Understanding anger disorders
Dit boek is de paperbackeditie van het in 2007 verschenen Understanding anger disorders. Dat zegt wel iets, want meestal blijft het bij een wetenschappelijk werk bij één druk. Zelf had ik het graag al in 2007 gelezen, want boosheid is de minst onderzochte basisemotie die wij kennen. Dat zou niet erg zijn als boosheid weinig betekenis zou hebben in het interpersoonlijke verkeer, maar dat is geenszins het geval. Toch komt in ons classificatiesysteem boosheid nauwelijks aan de orde, ook al wordt het bij verschillende stoornissen wel genoemd. In geen van die gevallen is boosheid echter een symptoom dat noodzakelijk is om tot de classificatie te komen. Wij kennen natuurlijk wel de periodieke explosieve stoornis, maar daarbij is sprake van agressie en niet zozeer van boosheid.
Misschien dat boosheid, en dat is het betoog van de auteurs van dit boek, niet zozeer in de aandacht staat van de ggz. Dat is dan op zijn minst kortzichtig te noemen, ook al nemen veel boze mensen niet zelf de stap naar een behandeling. Misschien dat boosheid dusdanig samenhangt met andere stoornissen, zoals depressie, dat deze geen aparte verklaring behoeft. Dat is in ieder geval onjuist gebleken. DiGiuseppe en Tafrate geven een prachtig overzicht van de historische gedachtegang over de relatie tussen depressie en boosheid en tonen daarbij aan dat die relatie dubieus is en bij de ernstige depressie zelfs theoretisch niet houdbaar is.

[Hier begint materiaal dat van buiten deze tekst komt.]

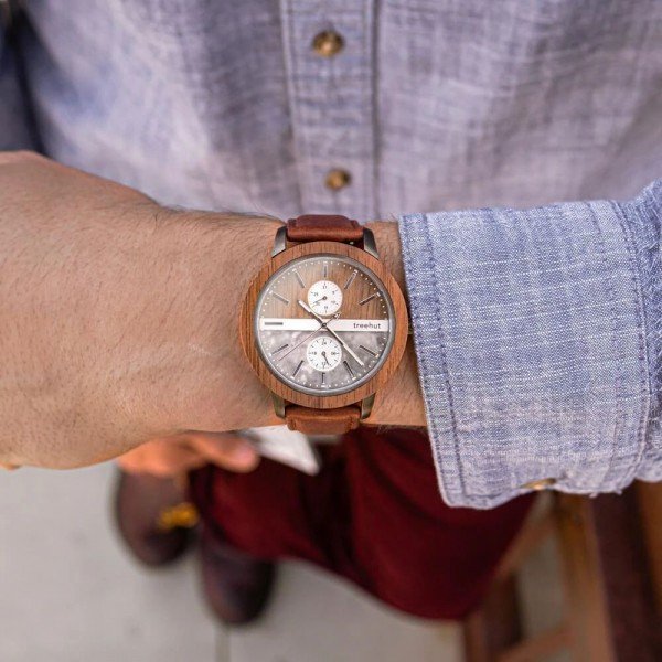 Tao Marble Cognac Leather men's watch combines real grey marble and natural walnut wood to create a dual dial construction encased in a layered walnut wood and gunmetal stainless steel case. Detailed with two vertically places sub-dials indicating 24-hour military time and date, a silver bar at the center, silver bar markings, and mountain index hands. Paired with a tan genuine leather band.
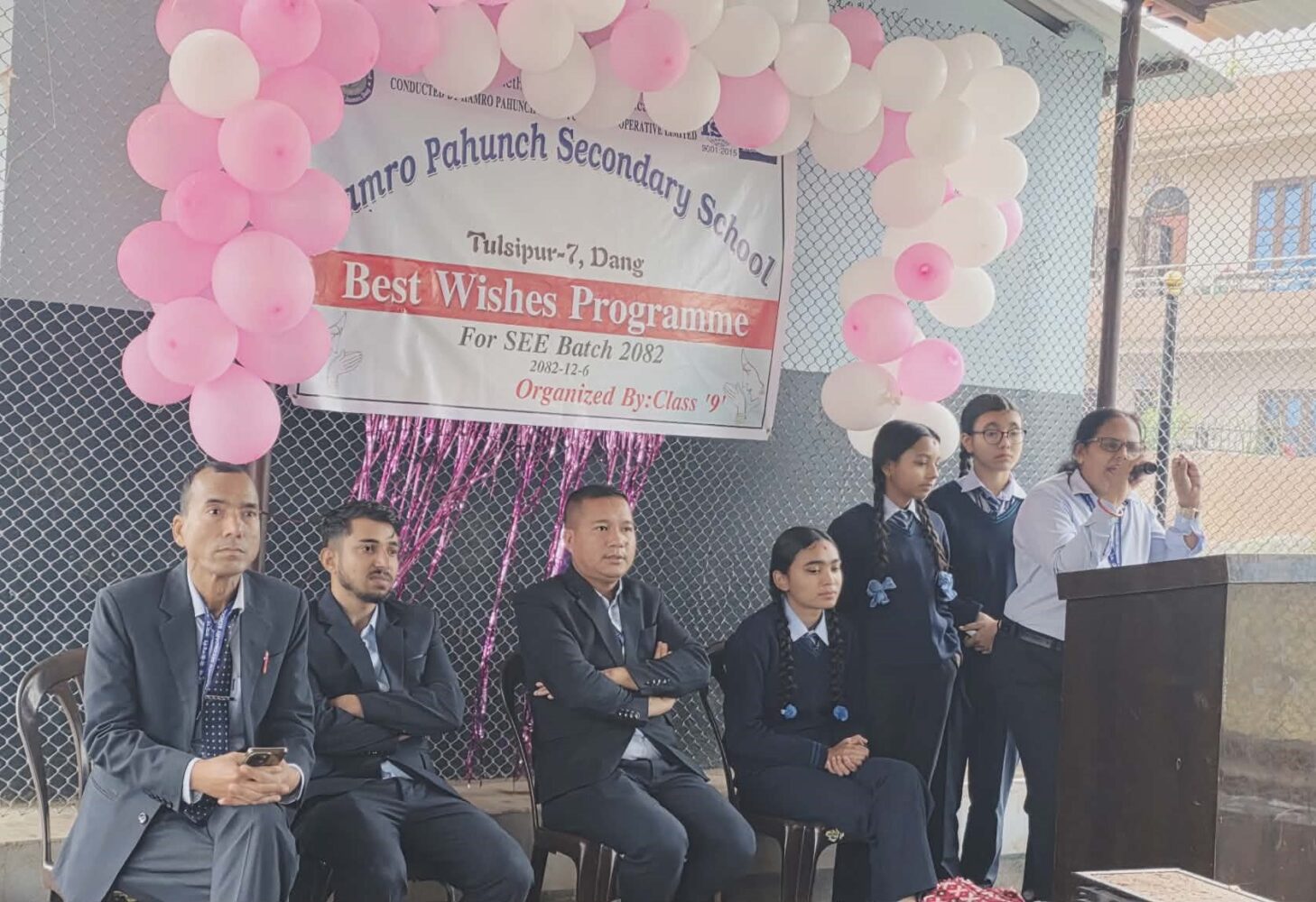 दाङ । दाङको तुलसीपुर–७ झुमरेमा रहेको हाम्रो पहुँच सेकेन्डरी स्कुलका एसईई परीक्षा दिने विद्यार्थीलाई लक्षित गर्दै शुभकामना कार्यक्रम सम्पन्न भएको छ । आज एक कार्यक्रमको आयोजना गरी कक्षा ९ का विद्यार्थीहरूले २०८२ सालको एसईई ब्याचका विद्यार्थीहरुलाई सफलताको शुभकामना व्यक्त गरेका हुन् ।
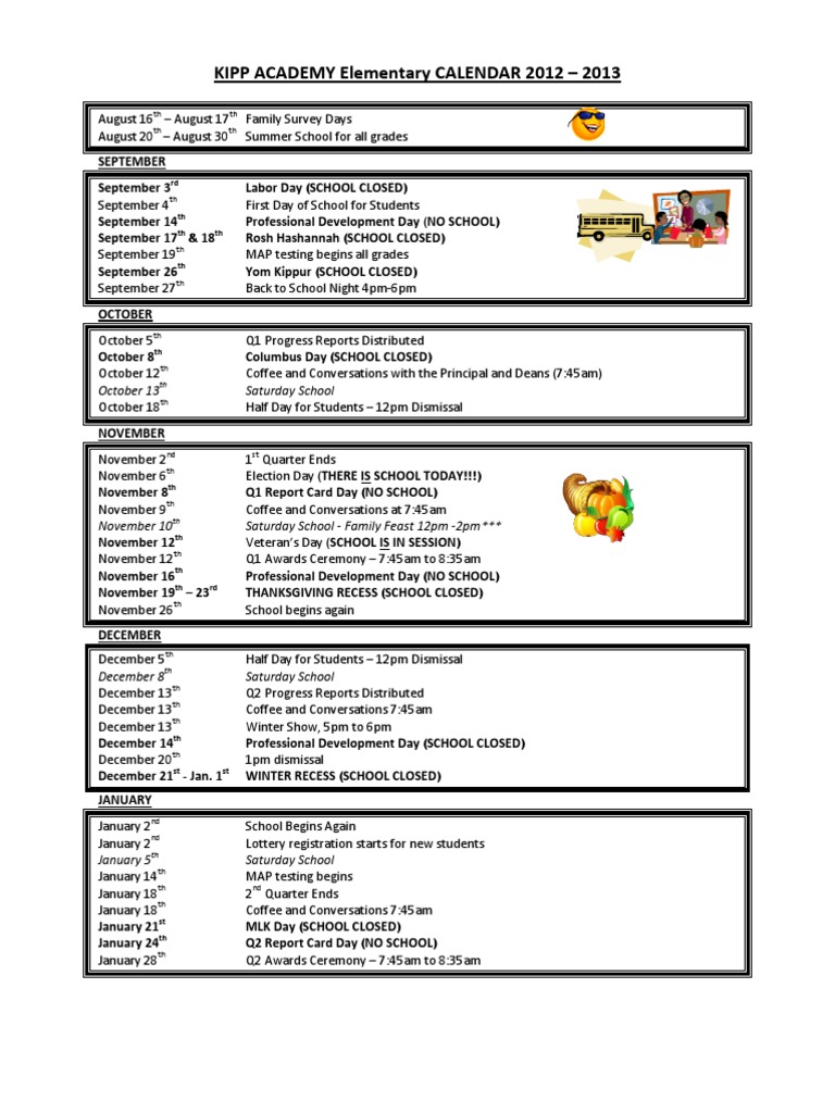 KIPP Academy Elementary School Calendar 201213 (English) Public
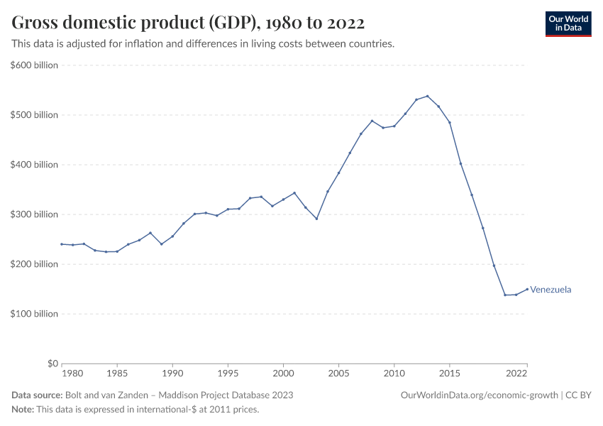 “Data Page: Gross domestic product (GDP)”, part of the following publication: Max Roser, Bertha Rohenkohl, Pablo Arriagada, Joe Hasell, Hannah Ritchie, and Esteban Ortiz-Ospina (2023) - “Economic Growth”. Data adapted from Bolt and van Zanden. Retrieved from https://archive.ourworldindata.org/20260105-133053/grapher/gdp-maddison-project-database.html [online resource] (archived on January 5, 2026).How to cite this data

Nog belangrijker, en dat is wat mij betreft de kracht van het boek, is de conceptuele analyse van het begrip ‘boosheid’ en begrippen die daar wel verband mee houden, maar er zeker niet gelijkgesteld mee kunnen worden. Dat is in de eerste plaats agressie. Agressie is lang niet altijd boosheid, en boosheid is zeker niet agressie. Wel kan boosheid onder bepaalde condities tot agressie leiden, maar vaker niet dan wel. Ook vijandigheid en geïrriteerdheid, begrippen die we in de psychiatrie vaker gebruiken, zijn niet hetzelfde als boosheid. Haat en verbolgenheid zijn negatieve affecten die meer over lange termijn spelen en ook dat is iets anders dan een moment van boosheid.
Boosheid kan normaal zijn, maar ook buitenproportioneel. Klinische vignetten laten dat duidelijk zien. Minder enthousiast was ik over het voorstel van auteurs hoe de ‘boosheidstoornis’ op te nemen in de dsm. Dat sluit nog te veel aan bij het huidige systeem. Liever zou ik een dimensionale benadering zien, zoals die ook voor angst en somberheid in de dsm-5 terecht zal komen.